Was your car at Middlehurst in St Helen's a couple of weeks ago?


----------



## Subaruce (Mar 19, 2015)

No - she came down from Sunderland 2 weeks ago to Bournemouth in fact.


----------



## turbomook (Aug 16, 2014)

Argh right, saw one at Middlehurst while mine was getting its optimization service.


----------



## Subaruce (Mar 19, 2015)

Lucky chap - what is yours like now?? I'm hoping to get to 1,200 miles early May. What colour do you have? Have you been told to consider the Y pipe or is the noise better on full chat?


----------



## Subaruce (Mar 19, 2015)

Pics on way


----------



## Subaruce (Mar 19, 2015)




----------



## Subaruce (Mar 19, 2015)




----------



## Subaruce (Mar 19, 2015)




----------



## Subaruce (Mar 19, 2015)




----------



## Subaruce (Mar 19, 2015)




----------



## Chronos (Dec 2, 2013)

oks I dont care who's it is, but finally a black nismo!!! looks superb!! BUT the picture taker NEEDS a better camera, looks like they have been taken on an iphone..BOOOOOOOOOOOOOOOO.. however it still looks ace!!! whats the deal with the number plate? thanks


----------



## Subaruce (Mar 19, 2015)

Yes was on my iPhone on Tuesday after driving her home. I will try and get some better shots this weekend as driving down to Chichester and may pop in to Goodwood. Number plate was just one I liked when I was hiding the age of my F430!


----------



## turbomook (Aug 16, 2014)

Subaruce said:


> Lucky chap - what is yours like now?? I'm hoping to get to 1,200 miles early May. What colour do you have? Have you been told to consider the Y pipe or is the noise better on full chat?


Yeah its awesome mate, took me a bit of time to run it in but got there in the end. Cant wait for the summer months. I also went for black and yes I actually bought a non res Y Pipe but have just sold it and am going with a 102mm exhaust instead.


----------



## Subaruce (Mar 19, 2015)

This obviously isn't the right place to post this, but I'm confused as to whether a normal booster seat can be used in the front seat for a 5 year old. There doesn't appear to be an airbag switch? I assume the Nismo has the same airbags etc. also what is recommended to clean the Ti exhaust pipes with?


----------



## stixGTR (Sep 24, 2013)

Subaruce said:


> Yes was on my iPhone on Tuesday after driving her home. I will try and get some better shots this weekend as driving down to Chichester and may pop in to Goodwood. Number plate was just one I liked when I was hiding the age of my F430!

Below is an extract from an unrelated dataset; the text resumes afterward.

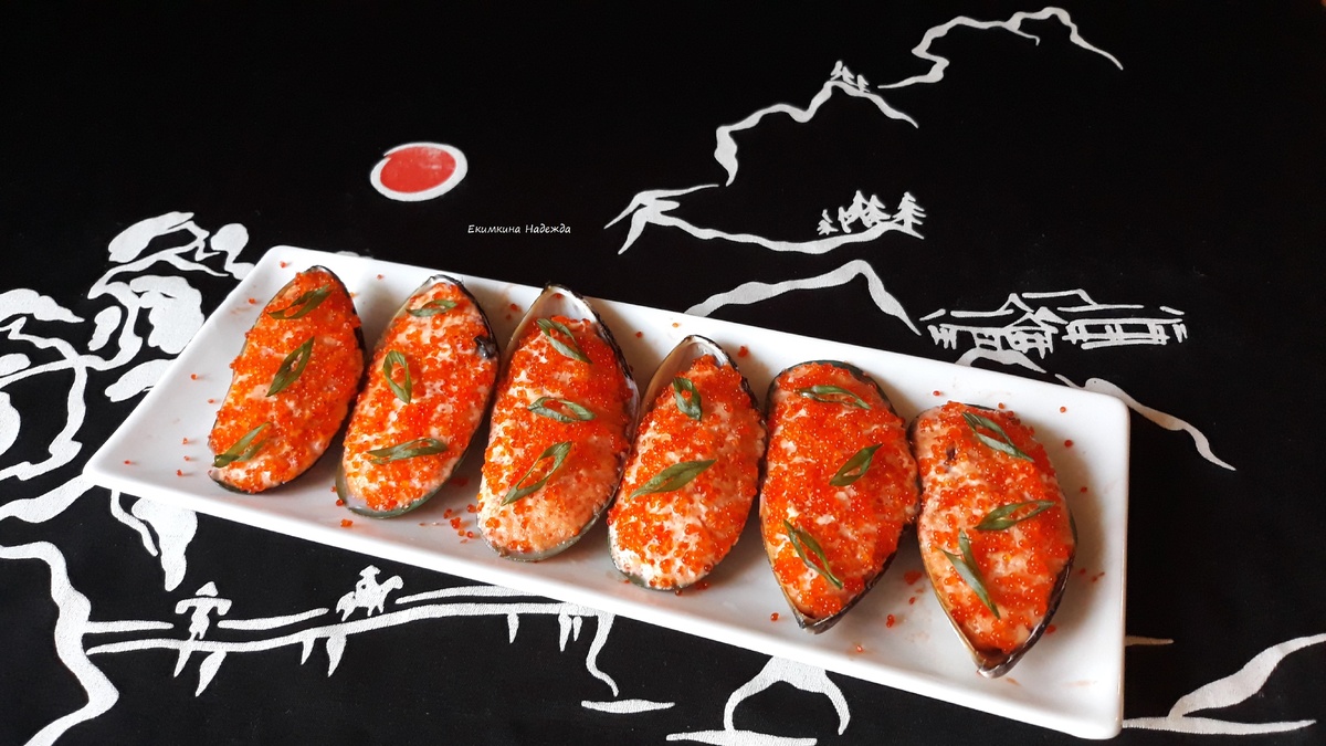 После запекания мидии необходимо слегка украсить икрой, выложить на подающее блюдо и присыпать кольцами зеленого лука. Блюдо подается горячим, что подчеркивает его изысканный вкус.

I'm local to Chichester and goodwood. Would love to see this machine in the flesh.


----------



## gtr mart (Mar 29, 2004)

Provided you put the front seat back a booster is OK. I found a recaro seat fitted in both the front and back. Cant remember which one but can have a look. Is it the full seat or just the booster bit your after. 

Car looks smashing by the way. You will have to bring it to a run way day I am organising and see what it can do.


----------



## gtr mart (Mar 29, 2004)

As for cleaning the pipes, I would imagine you would want a very soft cloth. I had a titanium exhaust on a skyline and used normal metal Polish but I suspect to get the best finish there is a particular Polish. Pwpro are a trader on here and excellent through reputation and very helpful. Perhaps drop them a pm.


----------



## Chronos (Dec 2, 2013)

Subaruce said:


> View attachment 74961


The new batmobile? Batman would be proud!!  

just need the plate


----------



## Subaruce (Mar 19, 2015)

Thanks GTR mart. Yes I would love to bring her on a run. 
stixGTR I Am taking the family to see my parents for Easter, hence the booster seat question. They are in Eartham just off the A27. I wasn't sure if the Goodwood sprint was being held on Monday but was going to pop in. Else go to the Horsham car event?


----------



## Will64 (Jan 30, 2012)

I think it you could take of picture of that with any camera and it would still look amazing. Congrats


----------



## purleskyline (Feb 11, 2008)

Hi subaruce,

Congratulations excellent choice:chuckle:

Goodwood Easter sprint is on Monday,
Joe eagle will be they're in his black Gtr,he is also awaiting delivery of a nismo,so I'm sure he would love too see yours.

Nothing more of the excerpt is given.